I slipped out from my hiding spot, only to come face to face with a woman with almost white eyes and snakes looking at me from the top of her head. My entire body froze, my feet refused to move, and everything I wanted to say died on my tongue as my eyes tried understanding what it was that I was seeing.
She… she had snakes instead of hair. Living, breathing snakes. Snakes that were looking at me. Snakes that were moving like they were a separate entity, watching me carefully.I closed my eyes, rubbed them, and reopened again, only to be met with a woman with the same eyes but no snakes in sight.
Her hair was as black as midnight, falling over her shoulders in soft waves, right over the white shirt she wore, tucked inside black pants.
"Hello, Kaira." She smiled, kindly, too fucking kindly for my liking, and stepped toward me. "It is nice to meet you."
"What the fuck is going on?" I said, my limbs still frozen from what I had seen. Or what I thought I had seen. "Who are you?"
"Kaira," my aunt interjected. "I told you to stay."
"And I told you I wanted answers," I bit back. "I am not staying in the dark anymore, and seeing as you were discussing me, I'm pretty sure I have every right to be a part of this conversation. So I'm going to ask again—what's going on?" I asked my aunt directly and then looked at the dark-haired woman. "And who the fuck are you?"
The soft smile she carried slipped from her face almost instantly, replaced by the look of a predator if I had ever seen one, and the snakes… The snakes came back, slithering over her head, dancing to the music only they could hear.
"My name is Elandra," she purred, coming even closer to me. "But you might know me by a different name." I suspected as much. "You know me as Medusa."
I was a rational person,searching for logical explanations in every single aspect of my life, but right now my logic was failing me. Terribly. When I woke up today I only had one thought in my mind: find out more about my mother's past. And I guess I did, in a way, but not exactly in the way I expected it to unravel.
My eyes were still glued to the small coffee table in front of the sofa in my aunt's living room, after I screamed fucking murder when I saw those snakes.
I couldn't speak.
Couldn't look anywhere else.
Couldn't even think.
The dark, beady eyes of those snakes were etched in my mind and no matter how many times I tried to move, I was frozen, my mind working overtime, trying to conjure the most logical explanation to what I saw.
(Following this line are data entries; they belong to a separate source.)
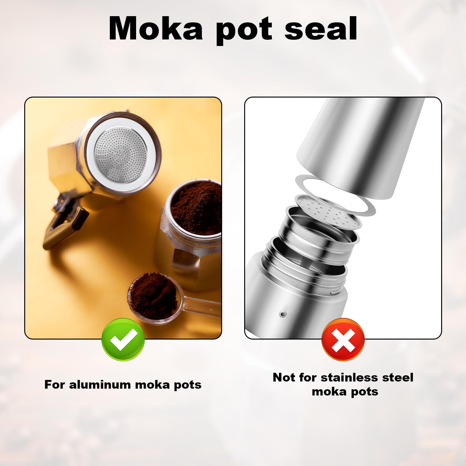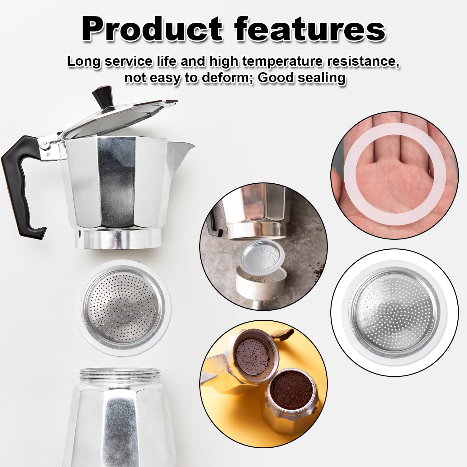 Easy to Use: The installation process of the filter and gasket is easy. Take off the old gasket and install the new moka pot seal ring replacement easily.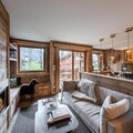 This beautifully renovated 80m² duplex apartment, completed in 2023, is located in the heart of Megève, offering a luxurious and comfortable stay for up to 6 people. The apartment features modern, warm decor and a convenient layout spread across two levels. On the entry level, guests will find an open kitchen, a cozy living room with a TV and electric fireplace, as well as an independent toilet.
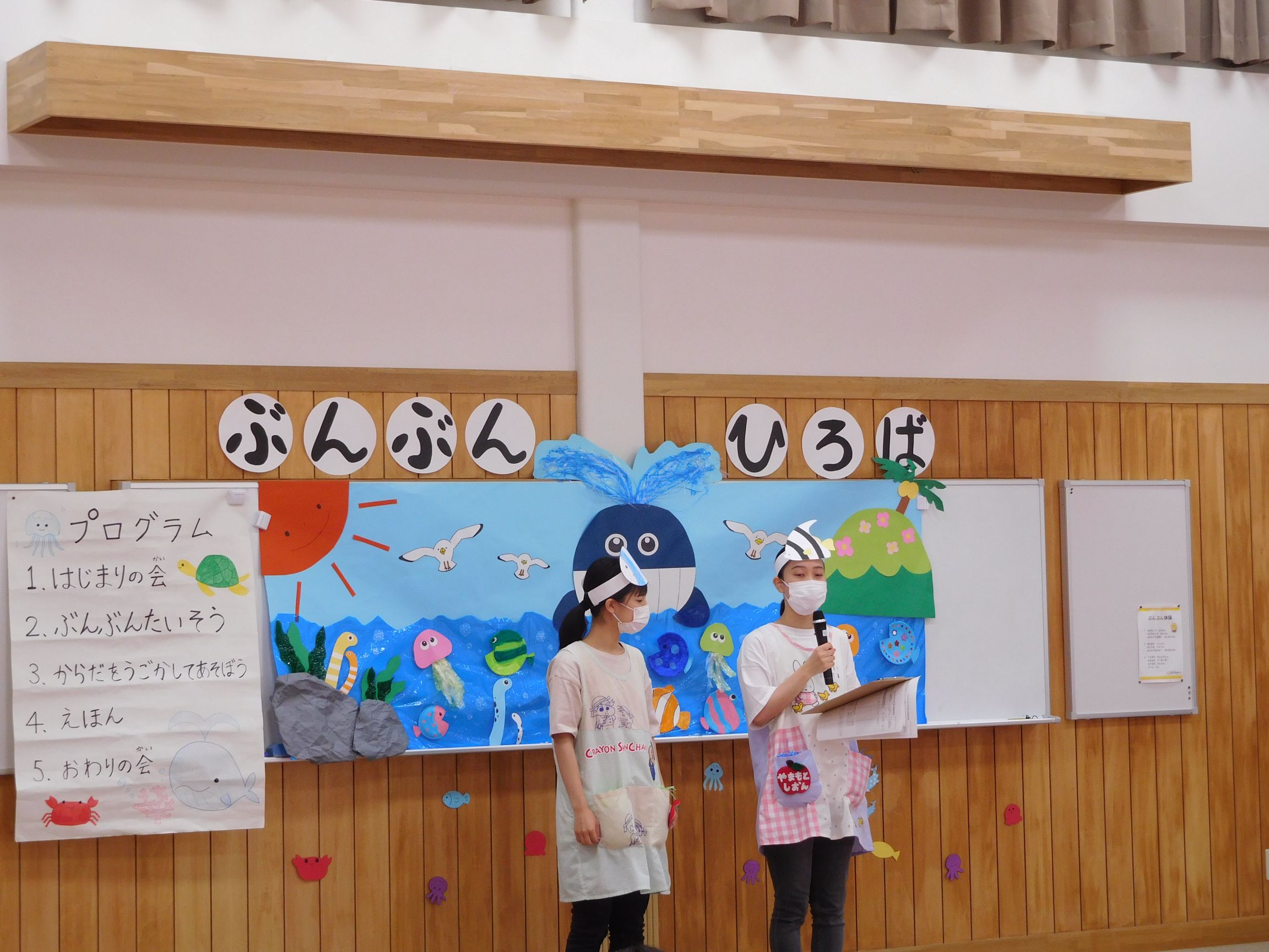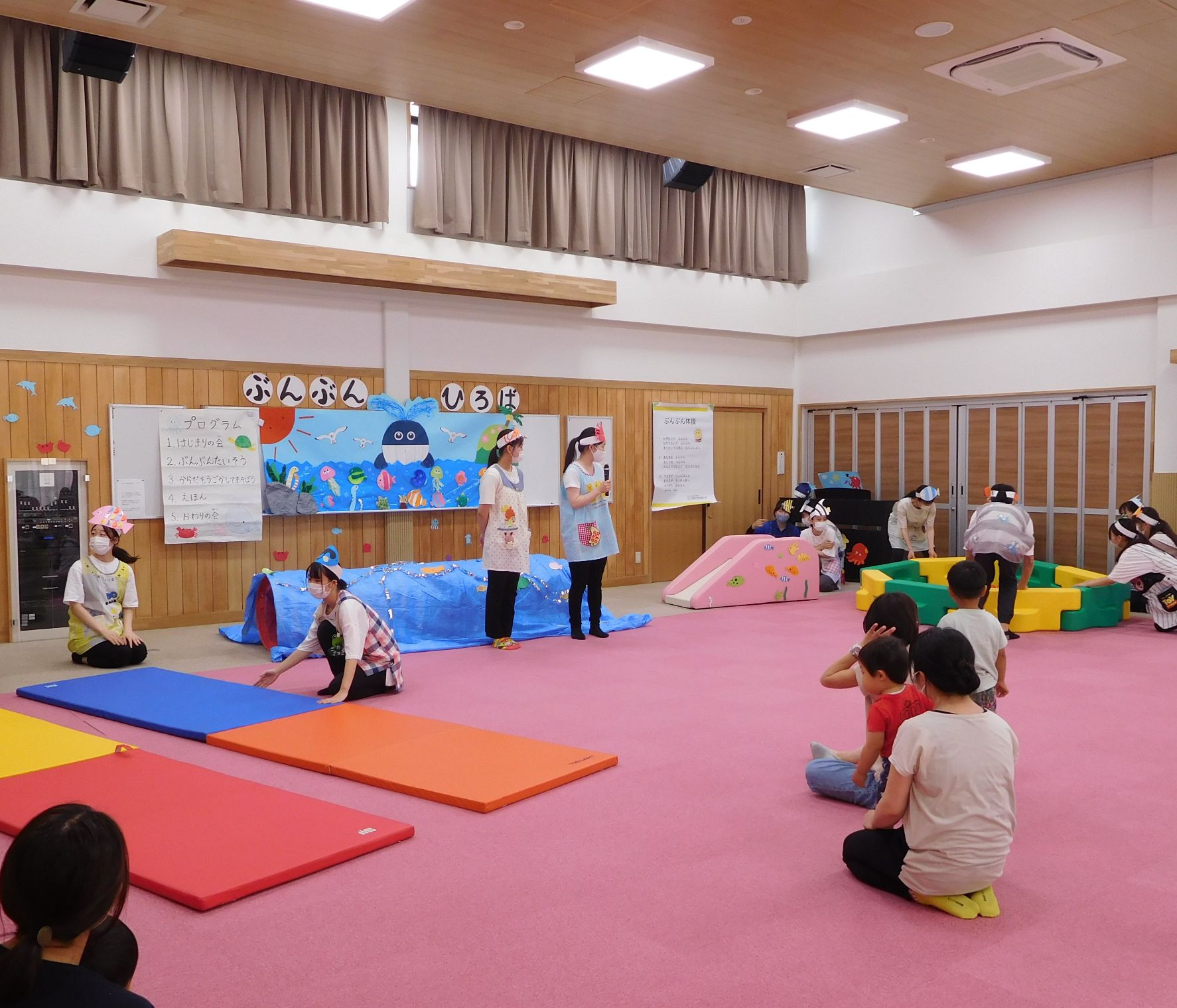 今回のぶんぶんひろばのプログラムは「はじまりの会」「ぶんぶんたいそう」「からだをうごかしてあそぼう」「えほん」「おわりの会」です。「からだをうごかしてあそぼう」では、「海の遠足」と題してボールプールや滑り台、トンネル、マットを準備し、子どもたちには好きな場所に行って、身体を動かして遊んでもらいました。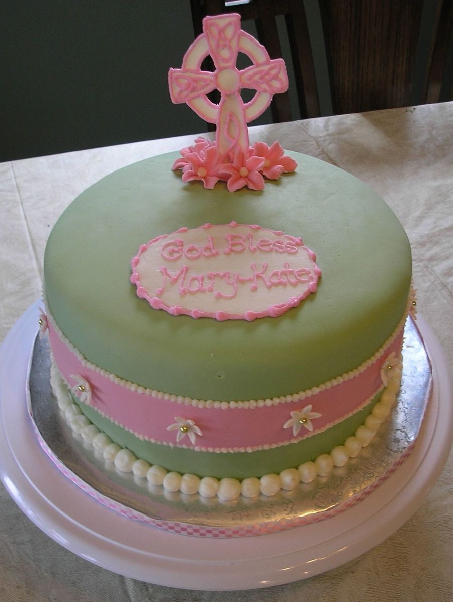 8in round covered in MFF with fondant and buttercream accents, and gumpaste flowers and cross. The fondant ribbon in the center of the cake always seems to give me problems... never straight and always trys to lose it's shape. If anyone has any suggestions, I'd love it! I'm better at the ribbon around the base of the cake.
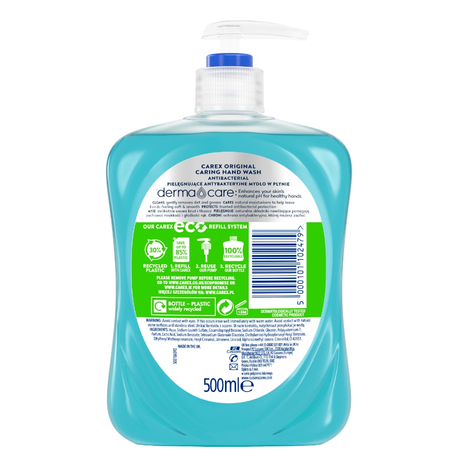 Washing your hands with Carex is one of the easiest ways to remove grease and dirt for hygienically clean hands. Our range of antibacterial liquid hand wash is created from a trusted and expertly made formulation which cleans and cares for your skin. The liquid hand soap protects your skin’s’ natural antibacterial defences 2 hours after washing. This original hand wash gently cleanses skin whilst removing dirt and germs, making it suitable for the whole family. Our hand wash is vegan and dermatologically tested. You can now do your bit for the planet by reusing your pump and bottle from your Carex hand wash. Carex antibacterial hand wash is also available in Aloe Vera, Sensitive and Moisturising formulations. Always practice good hand hygiene.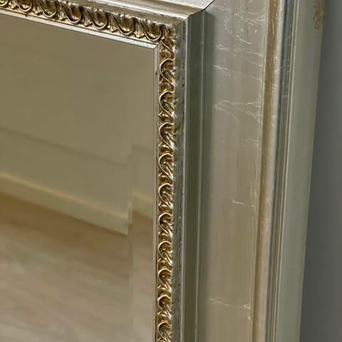 Myydään koristeellinen peili. Reunukset tummaa puuta. Mitat: korkeus 70cm leveys 60cm.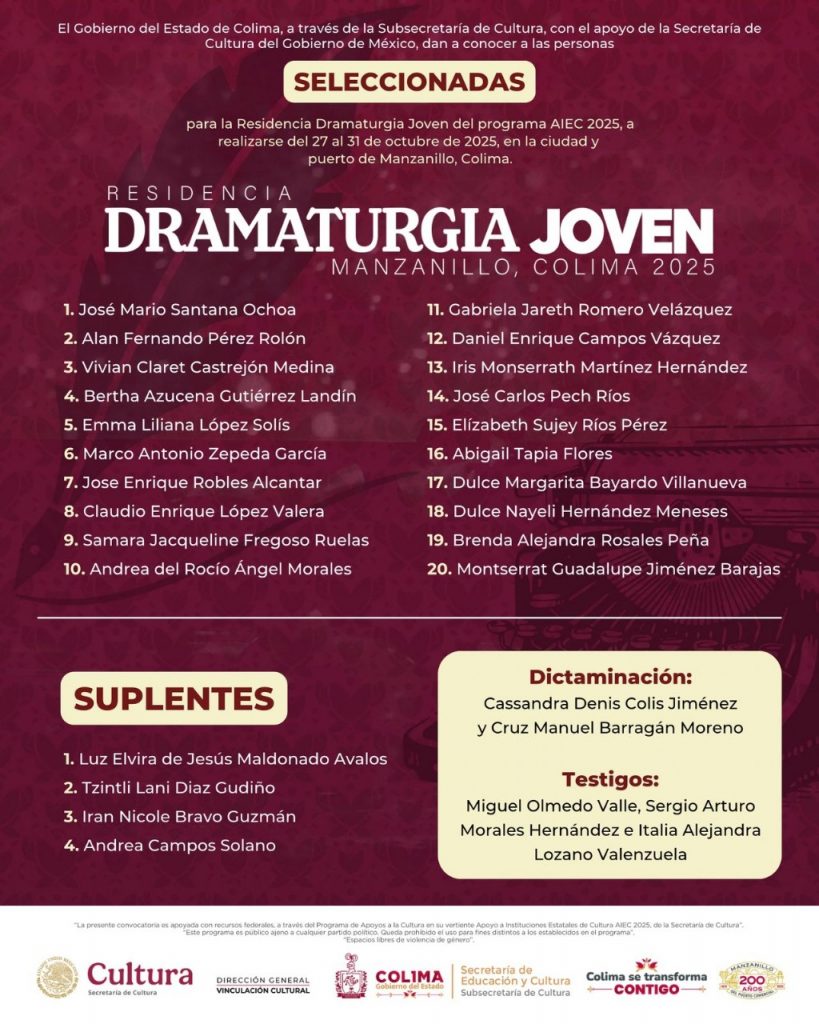 La Subsecretaría de Cultura, en coordinación con la Secretaría de Cultura del Gobierno de México, a través del programa federal de Apoyos a Instituciones Estatales de Cultura, publicó la lista de personas seleccionados para integrar la Residencia en Dramaturgia Joven Manzanillo 2025, que se llevará a cabo del 27 al 31 de octubre del presente año.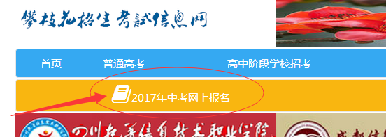 第二步:在攀枝花招生考试信息网上点击“2017年中考网上报名”图标,进入考生登录页面。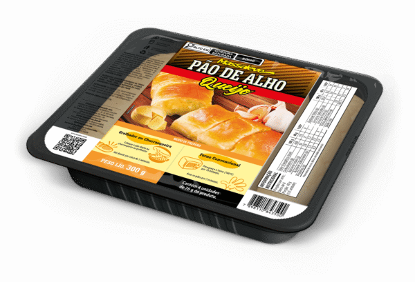 Farinha de trigo enriquecido com ferro e ácido fólico, gordura vegetal, margarina 50% lipídeos, alho em pasta, queijo mussarela, sal, açúcar, fermento biológico, propionato de cálcio, melhorador de massa: (Emulsificantes: polisorbato em pó, mono e diglicerídeos de ácidos graxos; estabilizante: carbonato de cálcio; antioxidante: ácido ascórbico; espessante: carboximetilcelulose sódica; agentes de tratamento da farinha: alfaamilase, azodicarbonamida) e orégano em flocos. CONTÉM GLÚTEN.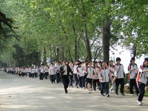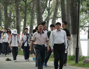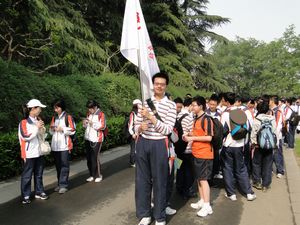 一大早同学们便早早来到的太平门的起点集合,举着代表各自年级或者班级的旗帜,激情洋溢。时间一到,高一(1)班作为领头的队伍,排着整齐的队伍出发了。当天的气温虽然很高,但是玄武湖上阵阵而来的凉风,帮我们驱散了身上的暑气。同学们拿着春游纪念卡,每走到一处还不忘去寻找卡片上的答案。初中同学平时很少走这么远的路程,但是所有的同学都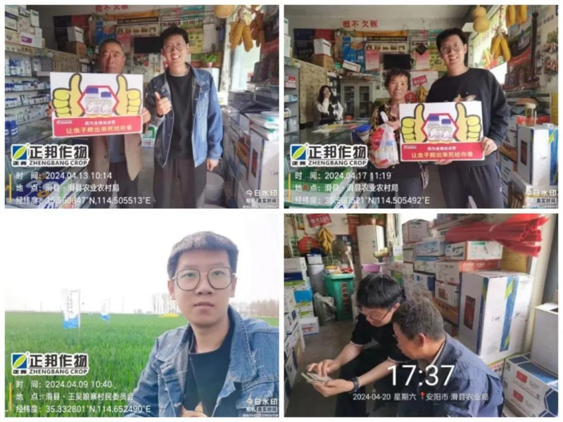 四月七日,我们小组成员分别到达山东淄博,河南安阳,山西运城。并由公司分配的带教师傅对我们开展了为期两天的培训,在这期间,我们了解公司主要核心产品(8%高效氯氟氰菊酯、田永丰套餐、闲滁等)、工作流程以及工作环境。培训结束后,带教师傅会带领我们下乡,去往不同乡镇开展工作。前期工作主要是产品了解学习以及客户拜访,通过与客户交流了解当地大田环境经济作物环境和主要农作物,使我们可以清楚的知道作物主要病虫害,利于我们推广公司产品。

But there were no logical explanations and this was not another one of my weird dreams I could wake up from.
Elandra, Medusa, whatever the fuck was her name, was sitting on my right, giving me space, but she didn't leave. She didn't laugh at my outburst either, deciding to stay and apparently let this unfold while my aunt kept calling my name ten thousand times, only for me to stay silent.
Silence was good. Silence was perfect right now, but every now and then one of them would speak up, breaking my perfectly comfortable silence, reminding me I wasn't alone.